To keep these straight: orthologs = separated by speciation; paralogs = separated by duplication.

Synteny refers to the conservation of gene order and orientation between species.

  • Syntenic regions were inherited from a common ancestor and have remained intact. Comparing human and mouse genomes, for instance, reveals large blocks of synteny despite ~80 million years of divergence.
  • Synteny breakpoints mark where chromosomal rearrangements (inversions, translocations) disrupted the ancestral gene order. Mapping these breakpoints across species can reveal which rearrangements occurred on which lineages, and some breakpoints have been associated with speciation events (well-studied in Drosophila species).

Phylogenetic analysis reconstructs evolutionary relationships from genetic (or morphological) data. Three major approaches are used:

  1. Maximum parsimony finds the tree requiring the fewest evolutionary changes. It works well when evolution is slow relative to speciation, but can be misled by convergent evolution (homoplasy).
  2. Maximum likelihood finds the tree that maximizes the probability of the observed data under a specific model of sequence evolution. It incorporates branch lengths and handles rate variation better than parsimony.
  3. Bayesian inference calculates the posterior probability of each possible tree given the data and prior assumptions.
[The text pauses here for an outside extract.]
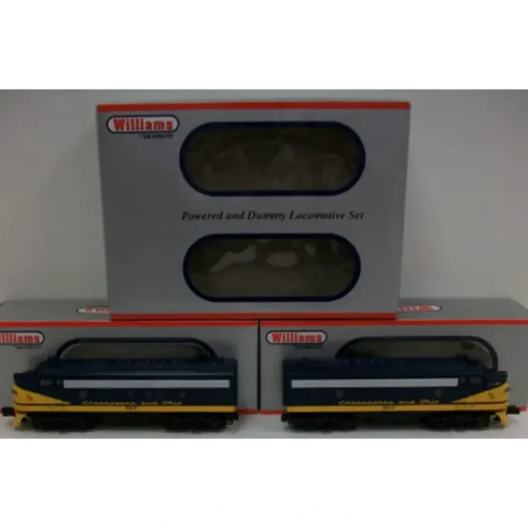 Here is a Chesapeake and Ohio AA diesel set that includes a powered and a non-powered dummy unit. The powered unit has dual motors and digital horn and bell sounds. Both engines feature detailed styrene bodies, working headlights, decorative horns, die-cast metal trucks, fuel tanks and pilots and realistic paint schemes.

It naturally incorporates uncertainty and produces probability values for each branch, making it popular for modern phylogenomic studies.

Molecular clocks estimate when evolutionary events occurred based on the rate at which sequences change.
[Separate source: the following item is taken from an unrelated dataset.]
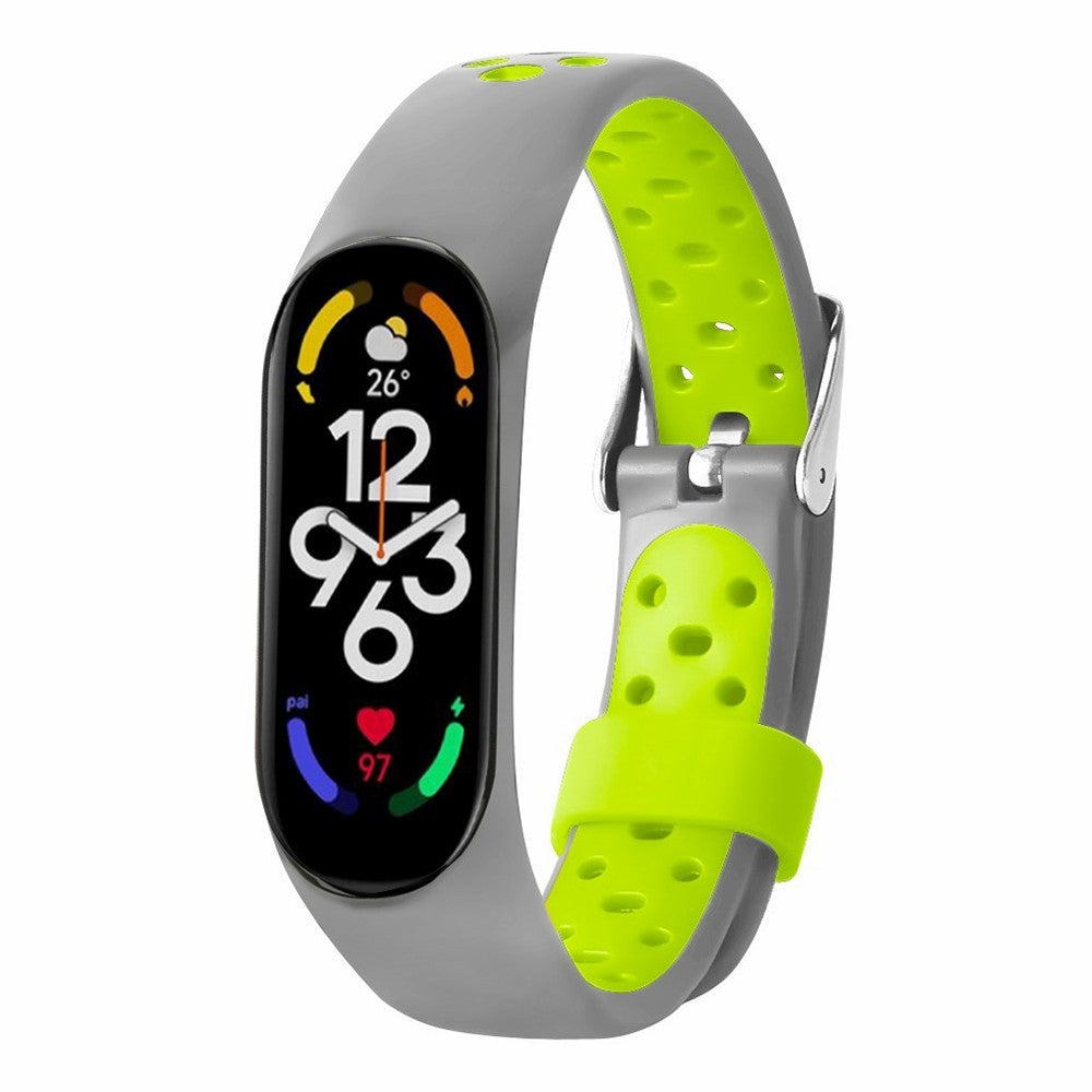 Xiaomi Mi Band 7 / 6 / 5 / 4 / 3 NFC Correas de reloj de doble color transpirables y flexibles - Gris+Verde

  • You calibrate a molecular clock by anchoring it to events with known dates, such as fossils or well-dated geological events. For example, the radiation of modern mammalian orders has been timed using the K-Pg (Cretaceous-Paleogene) mass extinction at ~66 million years ago as a calibration point.
  • The basic assumption is that mutations accumulate at a roughly constant rate over time. In reality, rates vary across lineages and genes, so relaxed clock models have been developed to allow rate variation. Always consider whether the constant-rate assumption holds for your dataset.